A date for the next round of TTIP negotiations has not yet been announced, and it remains unclear how long it will take for a deal to be completed. “We don’t have a timetable, except we’re going to move quickly, and we want to get it right,” Mullaney said.
That likely depends on what happens in Congress. As 2014 kicks off, the USTR is hoping to overcome its mass of House opposition with a major push for fast-track authorization legislation. Bills in the House and Senate are expected to be introduced any day, but given Congress’s busy legislative schedule for 2014, some observers believe the votes won’t actually take place until after the midterm elections.
In the meantime, opponents of the trade deals hope to counter the looming fast-track onslaught with a formula that’s proven successful so far: educating members of Congress and the general public alike about the depth of the corporate power grab the TPP and TTIP would facilitate.

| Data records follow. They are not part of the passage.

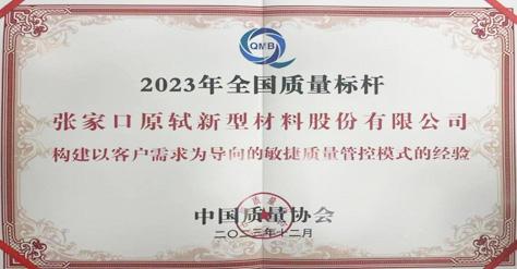 2023-12-072023年12月,張家口原軾新型材料股份有限公司憑借 “構建以客戶需求為導向的敏捷質量管控模式的經驗”,榮獲2023年全國質量標桿企業。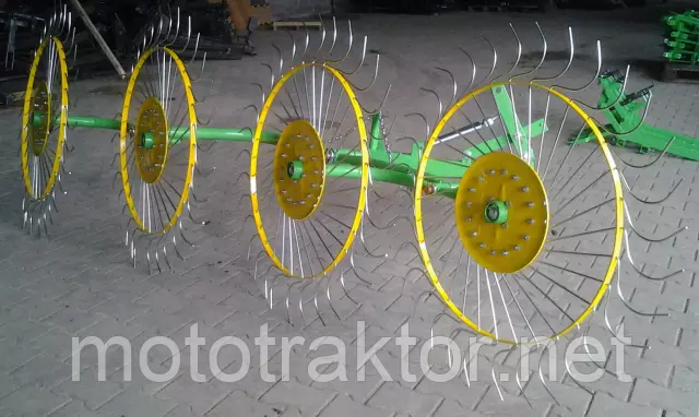 Каркас граблей имеет высокую прочность за счет использования толстостенной трубы. Независимые и взаимозаменяемые сгребающие колеса смонтированы на конических роликоподшипниках, что дает высокую надежность конструкции.
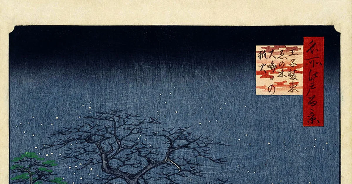 Utagawa Hiroshige: New Year's Eve Foxfires at the Changing Tree, Oji No. 118 from One Hundred Famous Views of Edo, 9th month of 1857. Woodblock print Brooklyn Museum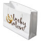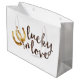 Design apresenta duas ferraduras ouros e "Lucky in Love" na cor castanho quente do outono. Coordenando acessórios disponíveis em nosso compro!

“It still is the case that not many people, including many people in Congress, know about what these agreements are,” Public Citizen’s Weissman said on a conference call. “It’s hard to get your head around it because they provide these super rights to corporations that don’t seem plausible, but in fact do exist. And as people in Congress and in society learn more and more about this, I think there’s gonna be a bigger and bigger pushback.”
Cole Stangler is an In These Times staff writer and Schumann Fellow based in Washington D.C., covering labor, trade, foreign policy and environmental issues. His reporting has appeared in The Huffington Post and The American Prospect, and has been cited in The New York Times. He can be reached at cole[at]inthesetimes.com. Follow him on Twitter @colestangler.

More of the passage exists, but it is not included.